Friday, May 07, 2021

It Takes Brains to Mess it Up

 Before Donald Trump came to power and made America the world standard of comedy, the British used to make some of the funniest shows around. In the 70s there was Monty Python and these days, it’s the various characters like Ali-G, Borat and Bruno who send us all into stitches. Like his 1970s predecessors, Mr. Sacha Baron Cohen (the man who is Ali-G, Borat and Bruno) has become a global icon by being very silly.

What’s striking about Britain’s “Silly” exports, is the fact that all of them have great degrees from world class universities. The Python’s and Mr. Sasha Baron Cohen are from the University of Cambridge. Mr. Rowan Atkinson (Black Adder and Mr. Bean) is an engineering student from the University of Oxford. As one of my dearest friends from the UK said, “It takes brains to be very silly.

 



You’d Never Guess these guys came from:

 


These established universities.

My friend’s point wasn’t limited to comedy. It also existed in journalism. British Tabloids like the Sun were designed to the lowest common denominator (or the type of reader who doesn’t care what news is being reported on as long as the paper has a picture of a girl with nice tits on page 3. They were world masters at producing the most sensationalized headlines that were designed to stir up passions. The Sun is one of those papers where you’d probably not want to be caught buying.

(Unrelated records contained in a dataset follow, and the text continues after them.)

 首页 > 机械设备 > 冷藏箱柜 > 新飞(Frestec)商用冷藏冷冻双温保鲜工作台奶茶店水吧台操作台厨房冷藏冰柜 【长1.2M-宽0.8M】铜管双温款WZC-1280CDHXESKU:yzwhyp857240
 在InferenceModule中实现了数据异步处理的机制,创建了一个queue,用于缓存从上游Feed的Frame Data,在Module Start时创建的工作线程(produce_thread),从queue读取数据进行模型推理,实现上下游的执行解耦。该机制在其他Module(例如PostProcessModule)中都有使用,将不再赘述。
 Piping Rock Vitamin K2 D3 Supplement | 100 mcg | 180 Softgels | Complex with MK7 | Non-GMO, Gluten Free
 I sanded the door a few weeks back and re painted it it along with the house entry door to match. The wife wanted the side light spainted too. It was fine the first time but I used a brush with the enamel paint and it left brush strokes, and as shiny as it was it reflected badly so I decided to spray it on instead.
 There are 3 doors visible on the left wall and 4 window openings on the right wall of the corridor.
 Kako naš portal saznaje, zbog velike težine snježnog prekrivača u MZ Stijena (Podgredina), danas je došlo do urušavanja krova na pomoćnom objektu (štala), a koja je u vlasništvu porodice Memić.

Leaving aside my personal feelings towards the Sun, it’s actually a work of art. It takes brains to come up with those headlines. Whilst people like me would turn our noses up at the Sun and take pride in reading things like The Times, Guardian, Telegraph or Financial Times, the truth of the matter is that the top graduates from journalism school ended up working for the Sun. It takes far more brains to write for the less discerning.



When I came back and started working in Singapore, I realized that this wasn’t a particularly British thing.  Singapore has the phenomena of “It takes brains to be stupid.”

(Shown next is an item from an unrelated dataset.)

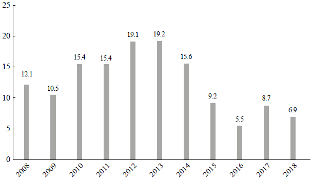 En el caso boliviano, el factor principal por el que la IED ha arribado al país, considerando los distintos motivos estratégicos que la guían, como la búsqueda de mercados, eficiencia, reducción de costos, seguridad jurídica, entre otros, ha sido la búsqueda de materias primas, cuya cotización se ha incrementado en la reciente década, lo que se refleja en mayor rentabilidad de la IED, principalmente en los sectores de hidrocarburos y minería. El comportamiento procíclico de la rentabilidad en Bolivia ha determinado que, en los años 2010 a 2013, esta haya llegado a una cima de 19,2 %, para luego caer hasta 6,9 % en 2018, como producto de la coyuntura negativa de los precios (Figura 4).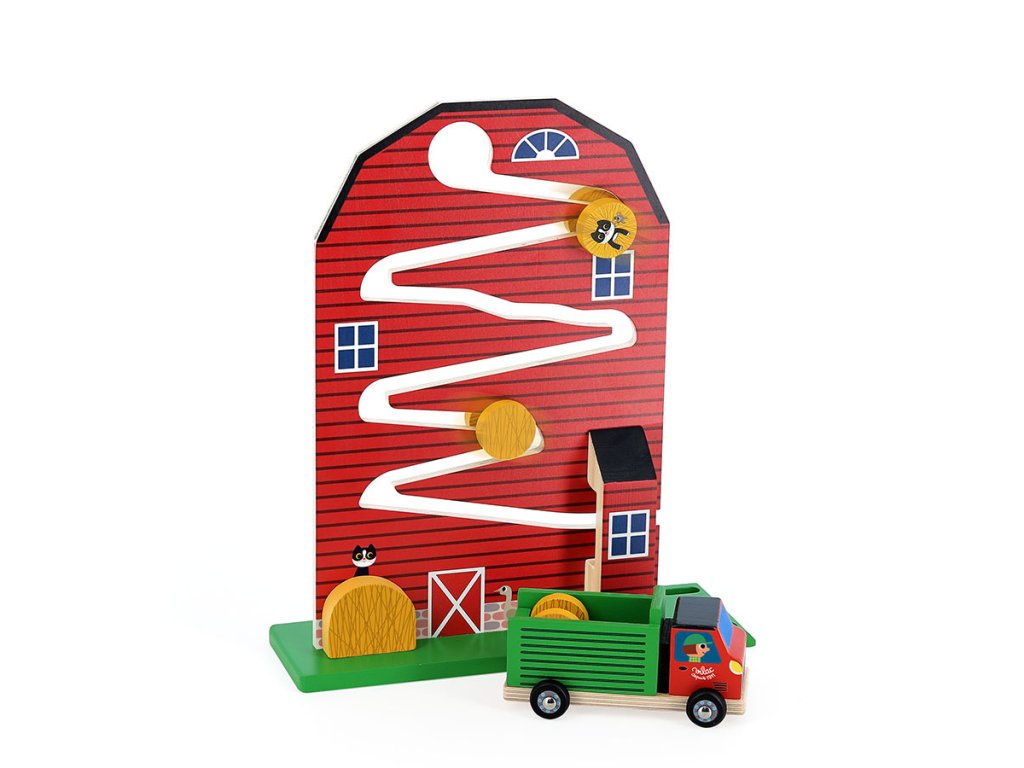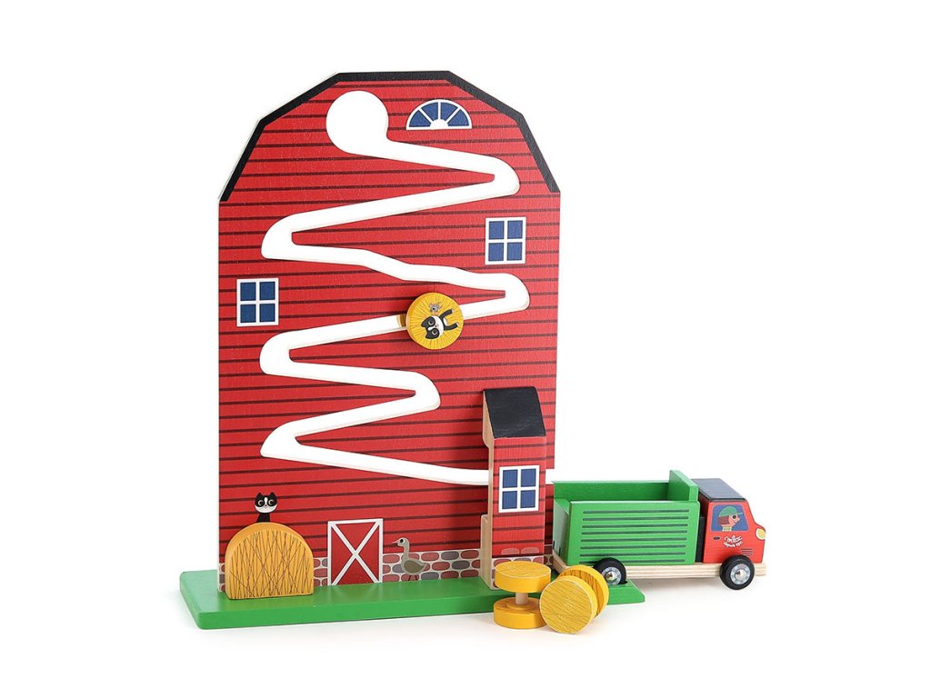 Drevená farma s ilustráciami Ingely P. Arrhenius ponúka deťom od 18 mesiacov hravý spôsob, ako rozvíjať motoriku, koordináciu a predstavivosť. Tri drevené balíky sena kĺžu po dráhe z farmy priamo do nákladiaka s otváracími dvierkami. Deti si precvičujú presnosť pohybov, učia sa vnímať príčinu a následok a vymýšľajú si vlastné príbehy o živote na vidieku. Hračka v sebe spája pohyb, logiku aj fantáziu, a pritom prináša radosť z objavovania a jednoduchej hry, ktorá nikdy neomrzí. Labyrint pomáha deťom pochopiť základný princíp príčiny a následku. Keď dieťa položí balík sena nahor, sleduje, ako skĺzne dole a skončí v aute. Jednoduchým spôsobom tiež zoznamuje s pojmami ako gravitácia a pohyb. Obsah balenia: 1 farma s dráhou3 balíky sena1 nákladiak s otváracími zadnými dvierkami Hlavné vlastnosti: odolné prevedenie z masívneho drevaideálna prvá motorická hračkarozvíja jemnú motoriku a koordináciu ruka-okoučí trpezlivosti a sústredenípodporuje predstavivosť a kreativituinšpirované Montessoripomáha chápať princíp príčiny a následkurozvíja logiku a napomáha poznávaniu svetailustrácie Ingela P. Arrheniusvhodné pre deti od 18 mesiacov Švédska umelkyňa Ingela Peterson Arrhenius sa narodila v roku 1967. Umenie a dizajn mali vždy miesto v jej živote a ako začala jej kariéra ilustrátorky, Ingela pracovala ako umelecká vedúca v Štokholme. Potom študovala reklamný a grafický dizajn na umeleckej škole tiež v Štokholme. V roku 1992 začala podnikať ako ilustrátorka na voľnej nohe a pracovala medzinárodne naprieč reklamou, dizajnom, nakladateľstvom… V minulosti vytvárala tlačové vzory pre tkaniny, tapety, papiernictva, tiež pracovala na obaloch, produktovom dizajne, bytových doplnkoch a hračkách. Jej plagáty a dizajnové hračky nájdete po celom svete. Má vášeň pre retro štýl, čo je jasne vidieť na jej dielach a tiež v jej nadšeniu pre typografiu a farby. Teraz žije v Štokholme s manželom a 2 synmi.Dodatočné parametre

Unfortunately, our local version of this, isn’t intentionally funny. This becomes especially true when you look at how the Government Linked Corporations (GLCs) have done. All these firms are nominally part of the private sector. More often than not, they are listed on the stock exchange and management is accountable to shareholders. They all have very health balance sheets and are either in a monopoly or duopoly in the home market. The uniting factor is that the largest shareholder is Temasek Holdings Pte Ltd, which is in turn owned by the Ministry of Finance. Whilst the government states that it merely owns shares, its perhaps no coincidence that the guys running these companies are more often than not, former civil servants (usually generals) who went to the best universities in the world at the government’s expense.

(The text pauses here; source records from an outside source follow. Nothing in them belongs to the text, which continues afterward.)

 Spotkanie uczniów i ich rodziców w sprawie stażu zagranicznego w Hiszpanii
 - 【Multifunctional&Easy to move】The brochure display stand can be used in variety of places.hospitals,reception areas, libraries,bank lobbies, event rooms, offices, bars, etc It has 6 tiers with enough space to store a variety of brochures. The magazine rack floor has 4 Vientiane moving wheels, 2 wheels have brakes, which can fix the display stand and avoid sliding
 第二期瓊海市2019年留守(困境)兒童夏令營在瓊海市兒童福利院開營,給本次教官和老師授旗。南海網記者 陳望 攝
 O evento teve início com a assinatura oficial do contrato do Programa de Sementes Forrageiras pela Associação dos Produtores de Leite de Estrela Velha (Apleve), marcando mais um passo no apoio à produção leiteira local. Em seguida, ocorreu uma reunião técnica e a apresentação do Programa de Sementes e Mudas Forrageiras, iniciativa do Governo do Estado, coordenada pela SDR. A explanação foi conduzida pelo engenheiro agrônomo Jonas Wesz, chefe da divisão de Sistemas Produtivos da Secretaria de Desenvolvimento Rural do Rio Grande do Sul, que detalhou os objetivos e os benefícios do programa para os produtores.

To say that the performance of these companies has been lackluster is charitable. The only notable exceptions are SIA, which competes in an industry where government protection is of no use (Singapore’s air space is only so big) and to a certain extent SingTel, the former Telco monopoly which had the good sense to use its cash pile to buy companies overseas (biggest cash spinners being Optus in Australia and Bharti in India) and DBS Bank, which has been run by people from elsewhere since 1998, when John Olds, an American who had never run a bank before, was appointed as CEO.

When you consider the advantages that all these companies have, the question remains – how could they not make money? To use a sporting analogy, it would be like cloning Cristiano Ronaldo into 11 players and putting them onto a soccer pitch to play against 11 bedridden one-legged grandfathers, with the referee under pressure to ensure the team of Cristiano Ronaldo’s would have a super serum to make them play even more magically whilst the bedridden grandfathers would have more limbs tied up and yet, despite this, the team of Cristiano Ronaldo clones would lose.

The example I personally dealt with is Ez Link Pte Ltd, which somehow lost $17 million in 2003. This is a company that was wholly owned by the Land Transport Authority (LTA) had a monopoly on a product that just about everyone in the country had to use every day (think of the number of rides on the public transport system every day). The company collected one percent of the value of every transaction (think of 1 cent per person times two million and the only real cost being the few staff members and rent of the office). The best part to this system is that money was collected upfront (they don’t get paid when you tap – they get paid when you top up your card). You would think that this was a business that would print money even if you staffed it with zoo animals.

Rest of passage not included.